### Source data
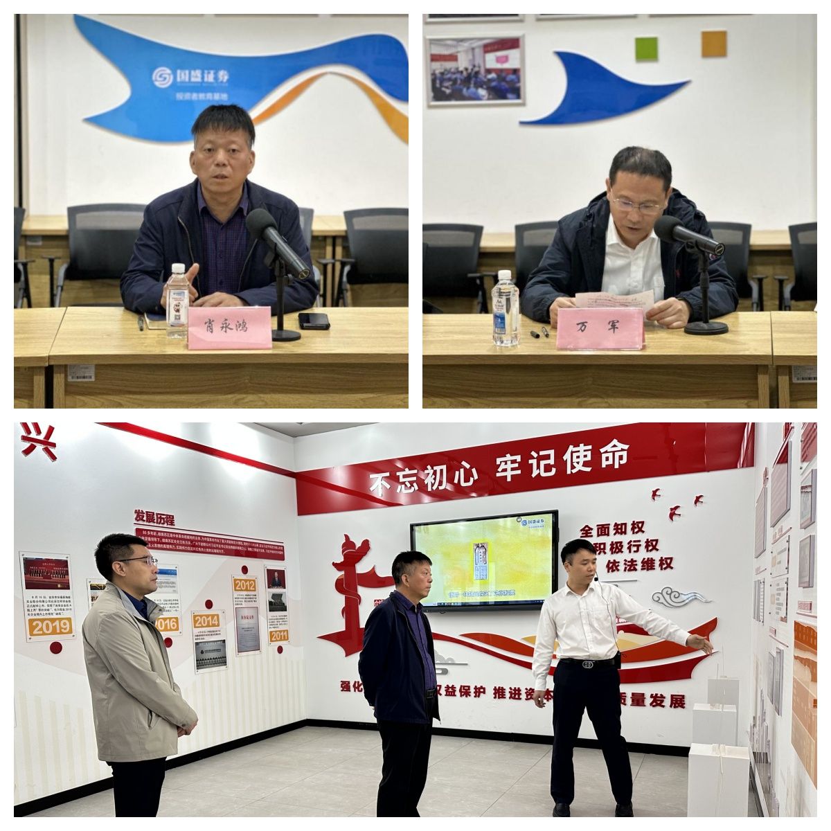 肖永鸿一行来到国盛证券,在万军等人的陪同下,参观国盛证券的党建文化宣传廊,并就党建引领、人才培养、业务发展等方面展开深入交流,探讨今后党建共建的合作方向。
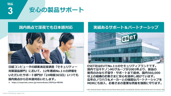 ESET PROTECT MDR Liteは製品サポートが充実している点も特長と言える。24時間365日のサポートが付属しており、ESETユーザー専用の窓口で日本語対応が可能だ。20年以上の実績を持つ総代理店として、ベンダーとの強い関係性と豊富なノウハウを活かし、ユーザー企業に安心を提供している(図23)。
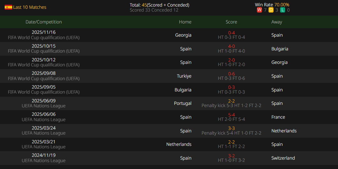Spain has essentially secured direct qualification in advance. Since they have the same points as Turkey in this round of qualifiers, the first tiebreaker is goal differenceтАФand SpainтАЩs goal difference is a full 14 more than TurkeyтАЩs. The Spanish menтАЩs team has not conceded a single goal in 5 matches, with a very solid defense. In their last match, they defeated Georgia away, achieving a 4-goal victory again, and the front line is still in fiery form. The team continues its tiki-taka tradition, with a possession rate exceeding 70%, breaking through opponentsтАЩ defenses through progressive short passes and flexible combination of wide and central play, and the defense is well-organized overall. However, the teamтАЩs defensive vulnerability to pacey counterattacks behind the backline is a hidden danger that coach Luis de la Fuente needs to be wary of.
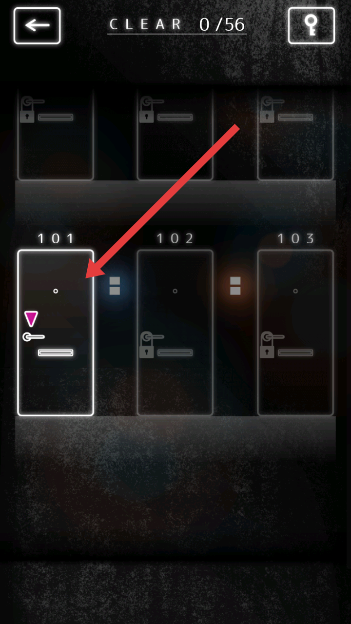 2、在游戏房间的列表中,需要选择箭头指向的【101号室】(未锁状态),进入该房间展开解谜。

### Action item
Could you restate the material word for word, omitting the pictures?

### Answer to this task
 肖永鸿一行来到国盛证券,在万军等人的陪同下,参观国盛证券的党建文化宣传廊,并就党建引领、人才培养、业务发展等方面展开深入交流,探讨今后党建共建的合作方向。
 ESET PROTECT MDR Liteは製品サポートが充実している点も特長と言える。24時間365日のサポートが付属しており、ESETユーザー専用の窓口で日本語対応が可能だ。20年以上の実績を持つ総代理店として、ベンダーとの強い関係性と豊富なノウハウを活かし、ユーザー企業に安心を提供している(図23)。
Spain has essentially secured direct qualification in advance. Since they have the same points as Turkey in this round of qualifiers, the first tiebreaker is goal differenceтАФand SpainтАЩs goal difference is a full 14 more than TurkeyтАЩs. The Spanish menтАЩs team has not conceded a single goal in 5 matches, with a very solid defense. In their last match, they defeated Georgia away, achieving a 4-goal victory again, and the front line is still in fiery form. The team continues its tiki-taka tradition, with a possession rate exceeding 70%, breaking through opponentsтАЩ defenses through progressive short passes and flexible combination of wide and central play, and the defense is well-organized overall. However, the teamтАЩs defensive vulnerability to pacey counterattacks behind the backline is a hidden danger that coach Luis de la Fuente needs to be wary of.
 2、在游戏房间的列表中,需要选择箭头指向的【101号室】(未锁状态),进入该房间展开解谜。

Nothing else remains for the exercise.